LA: Petitioners are merely project-based employees, as their respective employment
contracts indubitably provided for the duration and term of their employment, as
well as the specific project to which they were assigned, i.e., the Alltel Project.

NLRC: Petitioners are regular employees but were validly terminated due to
redundancy. NLRC found that petitioners could not be properly characterized as
project-based employees, ratiocinating that while it was made known to petitioners
that their employment would be co-terminus to the Alltel Project, it was neither
determined nor made known to petitioners, at the time of hiring, when the said
project would end, be terminated, or be completed. in view of the cessation of the
Alltel Project, the NLRC found petitioners’ employment with Sykes Asia to be
redundant. Hence, legally dismissed.

CA: Reinstated LA’s ruling

ISSUE: Are the petitioners regular employees of Sykes?

RULING: NO.

Court extensively discussed how to determine whether an employee may be


properly deemed project-based or regular, to wit:
A project employee is assigned to a project which begins and ends at
determined or determinable times. Unlike regular employees who may only be
dismissed for just and/or authorized causes under the Labor Code, the services of
employees who are hired as “project[-based] employees” may be lawfully
terminated at the completion of the project.

According to jurisprudence, the principal test for determining whether


particular employees are properly characterised as “project[-based]
employees” as distinguished from “regular employees,” is whether or not the
employees were assigned to carry out a “specific project or undertaking,” the
duration (and scope) of which were specified at the time they were engaged
for that project. The project could either be (1) a particular job or undertaking that
is within the regular or usual business of the employer company, but which is
distinct and separate, and identifiable as such, from the other undertakings of the
company; or (2) a particular job or undertaking that is not within the regular
business of the corporation. In order to safeguard the rights of workers against the
arbitrary use of the word “project” to prevent employees from attaining a regular
status, employers claiming that their workers are project[-based] employees should
not only prove that the duration and scope of the employment was specified at the
time they were engaged, but also, that there was indeed a project. (Emphases and
underscoring supplied)

Verily, for an employee to be considered project-based, the employer must show


compliance with two (2) requisites, namely that: (a) the employee was assigned to
carry out a specific project or undertaking; and (b) the duration and scope of which
were specified at the time they were engaged for such project.

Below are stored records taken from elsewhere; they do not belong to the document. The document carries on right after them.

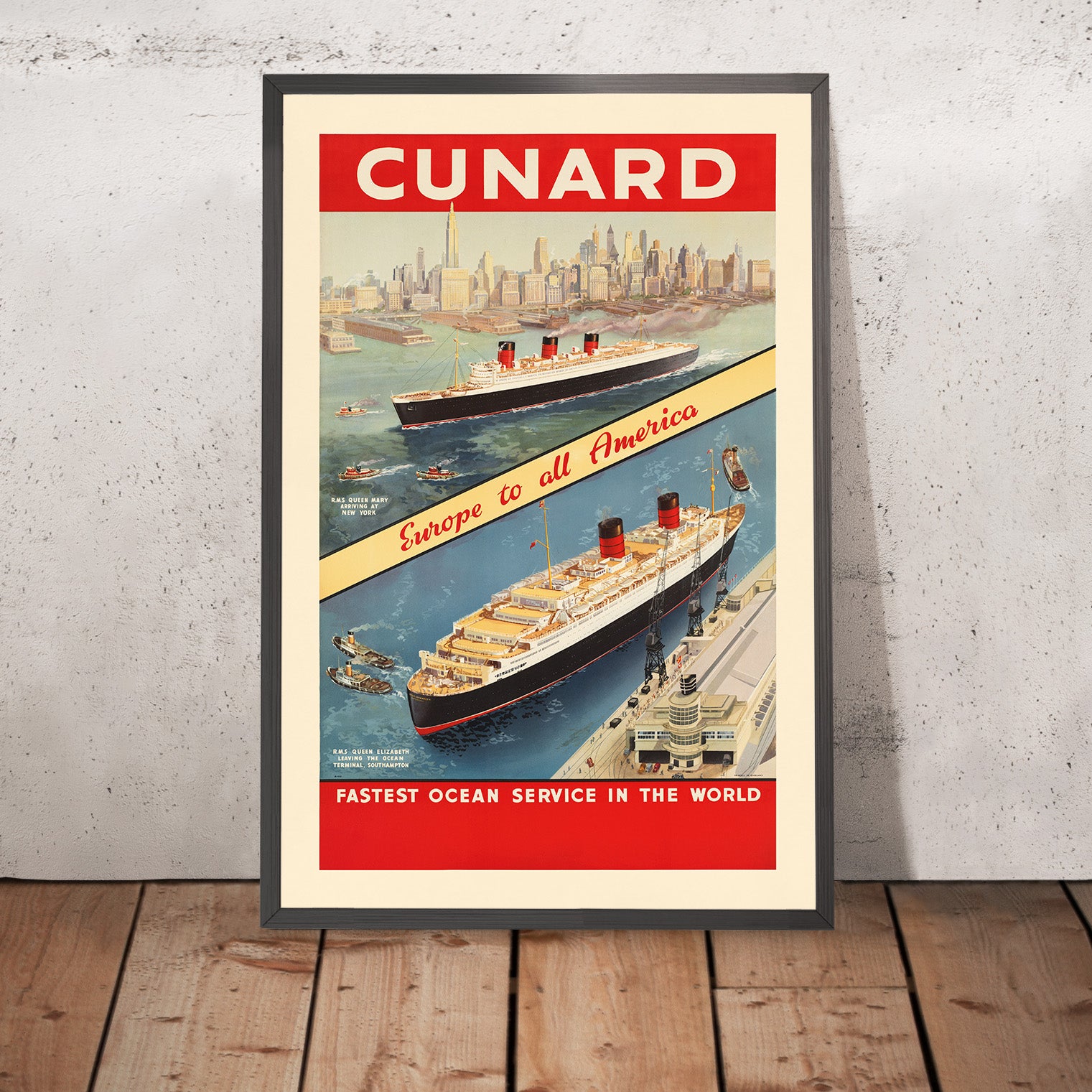 The subject is historically notable. This poster celebrates the celebrated Europe–America route that linked Southampton with New York, the world’s most storied ocean crossing. By featuring the Queen Mary and the Queen Elizabeth—liners synonymous with mid‑century travel—it distills the golden age of steamship travel into a single image. For anyone with ties to New York, to Southampton, or to transatlantic history, the geography is front and center.
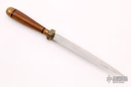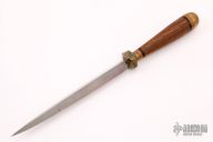 This Dagger by Victor Anselmo (who worked under John N Cooper) features a satin finished triangle dagger blade with .375" blade stock and blade depth, hidden tang construction. The handle has brass guard and butt with wood grip and black/orange spacers. Excellent condition.
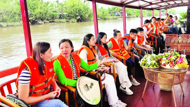 Du khách tham quan bằng tàu du lịch dọc dòng sông Thom (xã Mỏ Cày, tỉnh Vĩnh Long).
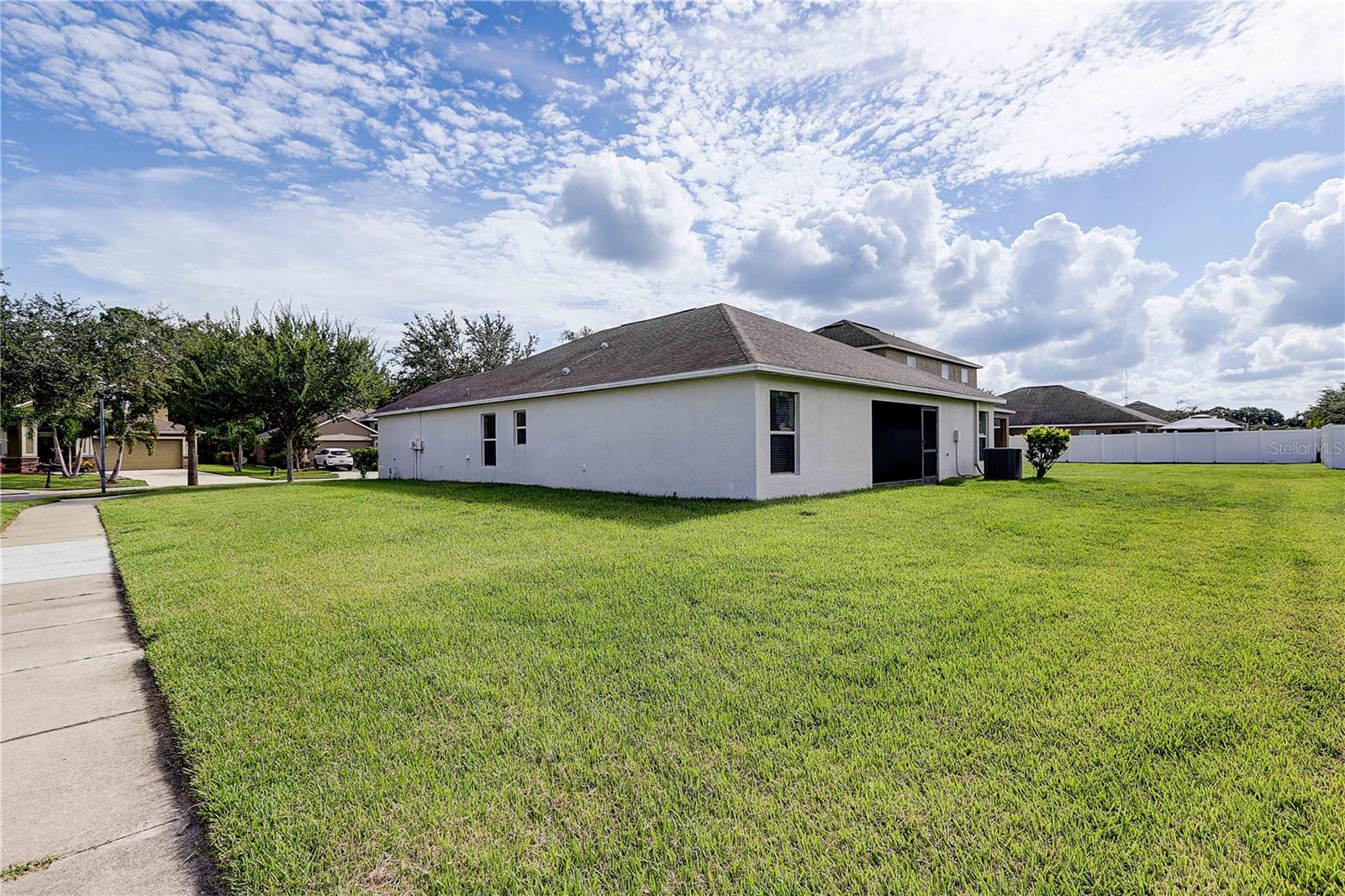 Casa espaçosa de esquina com 4 quartos e 3 banheiros localizada no condomínio River Bend. Esta casa possui garagem para 2 carros, entrada frontal coberta e com tela, além de pátio nos fundos com ventilador de teto. Melhorias recentes incluem exterior recém-lavado sob pressão, paisagismo e pintura interior fresca. Você vai adorar a maravilhosa planta aberta com quartos divididos que têm o quarto principal localizado na parte traseira com seu próprio grande banheiro privativo e closet. Cozinha ampla com bancada em granito, armários de madeira, eletrodomésticos em inox, pia dupla, teto abobadado e bar para assentos adicionais. A lavanderia fica ao lado da cozinha com porta própria para maior comodidade. A sala de jantar formal oferece um excelente espaço separado da área de estar principal. Além disso, a grande sala oferece vista para o pátio traseiro, bem como teto abobadado e ventilador de teto. A casa tem venezianas e sistema de irrigação/aspersores. Basta uma rápida caminhada até todas as comodidades quando você sair. As comodidades da comunidade de River Bend incluem: piscinas, parque aquático, academia, clube, quadras de tênis, playground e parque para cães. A localização é conveniente para Tampa, Aeroporto de Tampa, principais estradas interestaduais e hospitais, bem como praias, lojas e restaurantes. Ligue para um tour hoje!

In this case, records reveal that Sykes Asia adequately informed petitioners of their
employment status at the time of their engagement, as evidenced by the latter’s
employment contracts which similarly provide that they were hired in connection
with the Alltel Project, and that their positions were “project-based and as such is
co-terminus to the project.”

CA correctly stressed that “[t]he law and jurisprudence dictate that ‘the duration of
the undertaking begins and ends at determined or determinable times’” while
clarifying that “[t]he phrase ‘determinable times’ simply means capable of being
determined or fixed.”

This caveat sufficiently apprised petitioners that their security of tenure with Sykes
Asia would only last as long as the Alltel Project was subsisting. In other words,
when the Alltel Project was terminated, petitioners no longer had any project to
work on, and hence, Sykes Asia may validly terminate them from employment.

Moreover, Sykes Asia duly submitted an Establishment Employment Report52 and


an Establishment Termination Report53 to the Department of Labor and
Employment Makati-Pasay Field Office regarding the cessation of the Alltel Project
and the list of employees that would be affected by such cessation.